The Eighth Page

Phillipian Satire: Socially-Distanced Den Dance

This upcoming Saturday, Andover will be holding its first den dance in over a year and a half. Expect music, lights, action, and, most importantly, awkward budding romances between freshman girls and Senior boys on the crew team. But do not let this deter you! As the kids say, this “bish bouta be hype!” But there are a variety of rules and regulations that we, and the Non Sibi Pledge, expect you to follow.

  1. Do not kiss! No matter how bad you want it, we will not be offering 30-second make-outs sessions in the booths anymore. You will be required to keep that mask on—unless you play baseball, football, or lacrosse then the world is your oyster. 
  2. We will be enforcing a social distancing rule of six feet but in the end there “ain’t nothing wrong with a little bump and grind.” If you are by any chance a freshman/Lower boy who sees this dance as a chance to make a move on that girl you see, but don’t talk to, in your English class, I would recommend you leaving her on read 24 hours before the dance to really get her in the mood. 
  3. If you really love staying up to date with the newest musical releases, prepare to be a little less disappointed than usual! We will be taking all your suggestions, and it is our intention to play the best songs possible.

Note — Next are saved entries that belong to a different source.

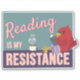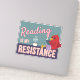 “Reading Is My Resistance” rectangle sticker features a bold red cardinal lounging with a good book, a warm blanket, a hot drink, and a towering TBR pile. Part of the Cardinal of Resistance series, this purple, mid-century–inspired illustration celebrates the quiet power of reading. A thoughtful gift for readers, writers, librarians, teachers, and book lovers who believe stories open the world. Perfect for laptops, water bottles, journals, e-readers, book carts, and cozy reading nooks.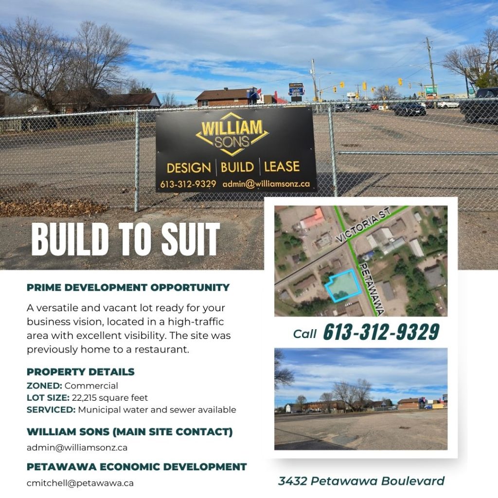 Discover the ideal location for your business at 3432 Petawawa Boulevard, a premium build-to-suit property in Petawawa. This vacant property is perfect for businesses looking to establish or expand in a high-growth, dynamic community.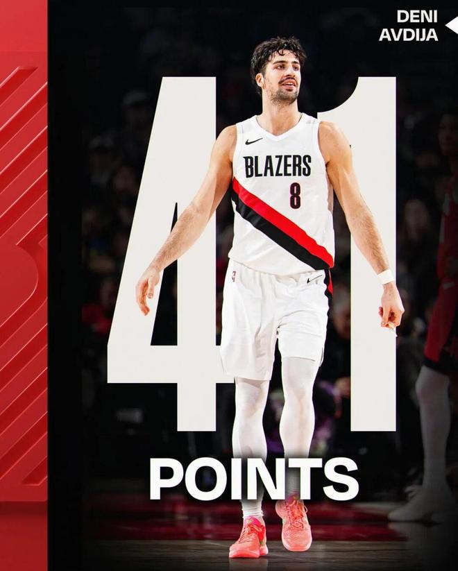 拿上一场比赛来说,开拓者主场103-102险胜火箭,这场阿夫迪亚交出生涯之夜:全场出战39分钟,投篮24中13,三分9中2,罚球15中13,拿下41分6篮板2助攻1抢断。 这场开拓者赢得并不容易,阿夫迪亚在前三节就拿下32分,第四节又包揽了全队最后10分中的8分,而且这8分都非常强硬,全部是2+1(第三次罚球没进)。 41分对于很多球星都不少见,但对于阿夫迪亚可太罕见了,这仅仅是他生涯第二次拿下40+,上一次还是在两年前,当时他还在奇才效力,输给鹈鹕的比赛里,阿夫迪亚投篮24中13、三分10中6、罚球13中11,空砍43分15篮板3助攻。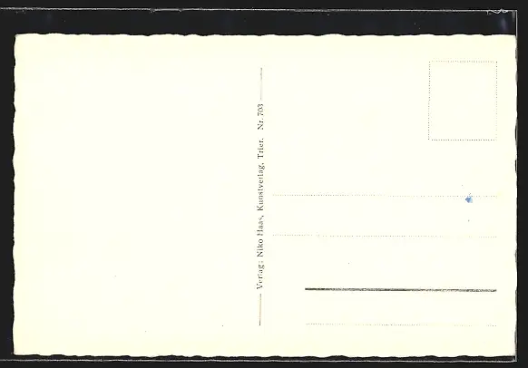 Personenbezogene Daten auf der Rückseite der Karte wurden durch blauen Textmarker unkenntlich gemacht. Die blauen Stellen sind auf die Vorderseite durchgeweicht und wirken sich negativ auf das Postkartenfoto aus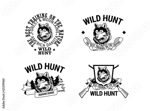 animal, icon, vector, wolf, symbol, club, hunter, emblem, design, wildlife, nature, wild, element, badge, isolated, trophy, graphic, signs, logotype, hunt, head, gun, forest, team, illustration, strength, adventure, muzzle, predator, label, sport, prey, husky, outfit, season, timber, hunting, crest, shape, vintage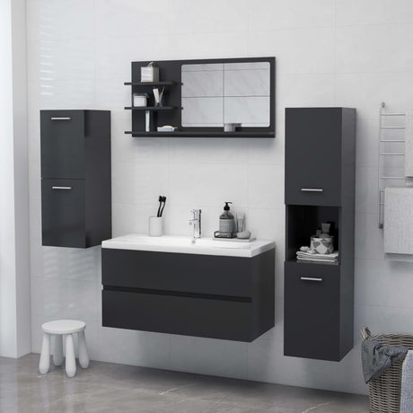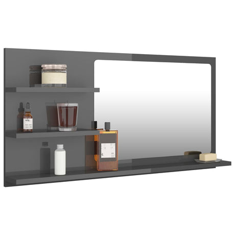 Bathroom Mirror High Gloss Grey 90x10.5x45 cm Engineered Wood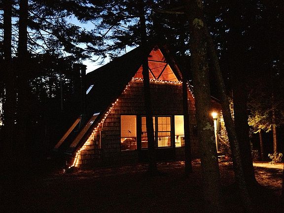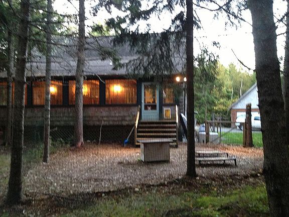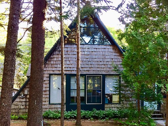 Modified A frame style chalet located near the end of a quiet, dead end road. Spacious yard, paved driveway, fenced in dog yard located on 1.42 +/- acres of land. Home offers enclosed, three season porch, dining area, kitchen, living room, primary bedroom, second bedroom, full bath and expansive loft on the second floor. Full basement. Two + car detached garage. Close to Acadia National Park. New appliances. New kitchen flooring. New metal roof. New AC/Heat pumps. New furnace. Wood stove and FHA oil heat. New leach field. New oil tank.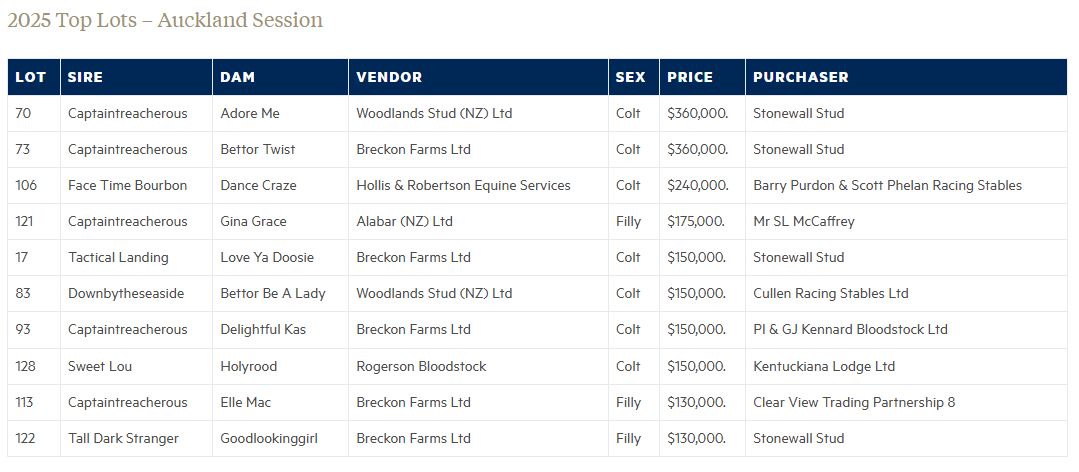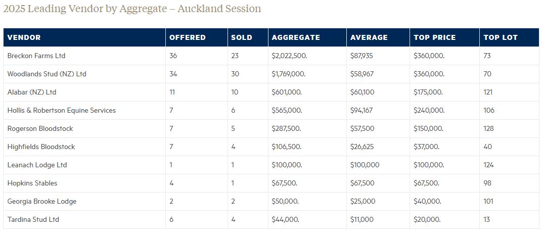 Leading vendors for Auckland were Breckon Farms, selling 23 lots for a total aggregate of $2,022,500. While the leading vendor by average award went to Hollis & Robertson Equine Services who sold six lots at an average of $94,167.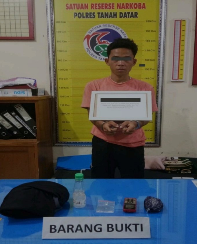 Batusangkar, Darah Juang Online — DP (23) tahun pekerjaan swasta berhasil ditangkap oleh Satuan Trantula Polres Tanah Datar terduga penyalahgunaan Narkotika jenis Shabu, di Jorong Tigo Batua Nagari Sungai Tarab Kecamatan Sungai Tarab Kabupaten Tanah Datar Pada Sabtu (26/03) pukul 14:00 Wib.

We know you all love YBN Nahmir, so listening to Soul Train for two hours should get everyone excited for a fun term on campus. 
  4. If you are a part of the non-dance committee, a.k.a. those people who purely show up to den dances for drug deals and sneaky links I would like to officially point you in the direction of the sanctuary for this particular night. The deans will be there so females will be required to wear parkas and snowsuit, and everyone else may show up naked. This dance should be the best of the year (we hope), so B.Y.O.B. and tell your friends.